While the book vs. blockbuster trope most often turns a hot debate, there exists a growing handful of literary adaptations accepted with grace into the growing list of cinematic classics. Whether it be Mario Puzo’s The Godfather, which debuted on-screen by Francis Ford Coppola, or Greta Gerwig’s take on the Louisa May Alcott novel Little Women, one thing is certain. If a book’s pages are meddled within the right directorial palms, they can springboard a screenwriter’s career. Less in need of the launchpad, Canadian film director David Cronenberg has been central to the sci-fi scene since his inaugural picture, Shivers, was released in 1975.

Featuring a suburban landscape newly infested with parasitical beings, it gave viewers a taste of Cronenberg’s unhinged approach to cinema, which was welcomed consequently by lovers of horror and the unnerving forevermore.

No stranger to book adaptations himself, Cronenberg even channelled his knack for the horrid into a hook-up with writer Stephen King in 1983, successfully remastering his novel The Dead Zone for a respectable critic score of 89% on Rotten Tomatoes. So, well-versed in the realm of uncanny-on-page meets uncanny-on-screen, it becomes clear why responding to Don DeLillo’s 2003 novel, Cosmopolis, was a seeming dream come true.
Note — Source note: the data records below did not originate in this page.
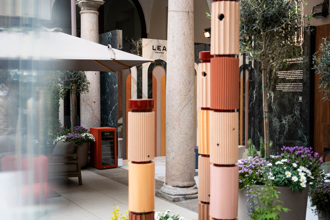 Conceived as an open-air creative lab, the installation invited visitors to explore unexpected combinations, discover the expressive power of juxtaposition, and reflect on the idea of physical and visual layering as a contemporary design language. The fluid composition of ceramic arches, multilevel surfaces, and dynamic lighting created an immersive system where every detail emphasized nuance, depth, technology, and connection. A visual ecosystem in constant evolution, narrating the versatility of Lea materials and their active role in the construction of architectural storytelling.
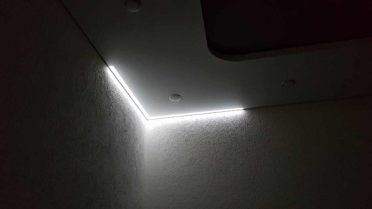 - Светодиодная лента размещается внутри профиля и подсвечивает контур мягким светом.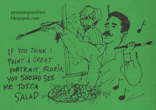 Okay-- I teased you when I introduced Culinary High Notes (Toledo Opera Guild, 1978) because the post was just a bunch of weird opera-related cartoons-- no recipes! Now let's check out some of the recipes in the book that promised to "turn your meals into dramatic performances."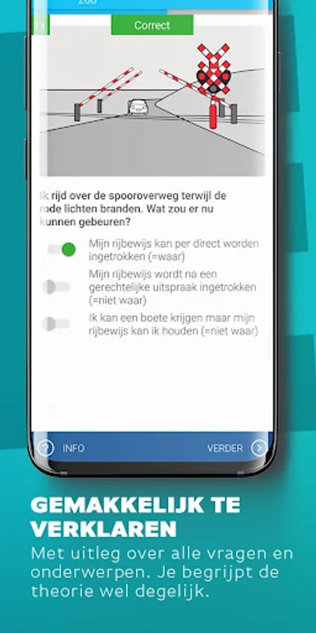 The learning mode allows you to practice all the questions that apply to your theory exam. The questions are divided into 7 categories so that you can practice in a targeted way.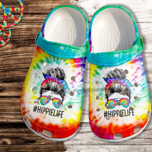 Merchidea Hippie Cool Girl Glasses Croc Shoes- Hippie Life Rainbow Shoes Croc Clogs Gift Birthday Girl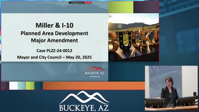 The Buckeye City Council on May 20 adopted Ordinance 19‑25 approving a major amendment to the Miller and I‑10 Planned Area Development (case PLZZ‑24‑0012), changing the permitted uses and development standards for an approximately 29‑acre site at the southeast corner of Miller Road and Interstate 10.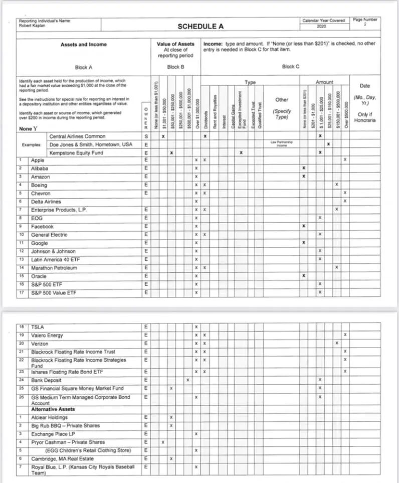 两天前,美联储12家地方联储中的11家都披露了自家主席2020年的财务状况,相比其他主席在金融市场非常保守的操作,达拉斯联储主席Kaplan去年在股市大手笔操作。根据报告,截止去年末,Kaplan共持有32只股票、基金等,包括鼎鼎大名的 苹果 、 亚马逊 、 谷歌 、 特斯拉 、 阿里 等等,且交易金额都超过100万美元。

In the film of the same name, released in 2012, Twilight star Robbert Pattinson plays Eric Packer, a serial capitalist with a penchant for improving trade at the cost of almost anything dear to him – all played out in his ‘office’, a black stretch limousine. But as the movie progresses, in its The Matrix meets Panic Room styling, protesting rodents are paraded outside the vehicle’s windows as Packer begins to lose his sense of importance – upheld throughout by Cronenberg’s trademark, up-close camera angles and distorted compositions.

Surprisingly, Cronenberg tells Film Comment that he doesn’t always feel as passionate about books as he did with Cosmopolis. But yet this proceeds to amplify his bond with the film in question, of which he denotes one simple reason to his commitment to bring novel to screen – and to the viewing of his cult fanbase.
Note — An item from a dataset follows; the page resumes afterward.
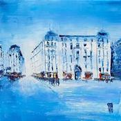 L'artiste a utilisé la technique Huile pour créer cette peinture grand format sur Toile de style Figuratif sur le thème Urbain.

Likened to the hard edges of Pattinson’s character throughout, Cronenberg may have his own reservations in reading literature, but was eventually broken down at the chance to translate DeLillo’s novel into his cinematic style, a harmonious matchmaking. Hence, as he expressed to Film Comment what exactly it was that pushed his will over the threshold and onto the set of Cosmopolis, bluntly, he returned: “the dialogue”.

Just as Eric Packer finally drops his previously hardened exterior, shooting his own hand in the final scene in the hopes of finally feeling something, Cronenberg adapts novels he bonds with on a deeper level, as such to do them justice. “It’s easy to say ‘the dialogue’, but it was sublime. So strangely dehumanized and yet so obsessive and passionate underneath”.

Drawing parallels to his own working style, it becomes apparent that when literature makes its mark on a director, just as the death of a cherished artist had on softening Packer in the film, directors like Cronenberg are not merely bringing a book to the screen, but truly living them.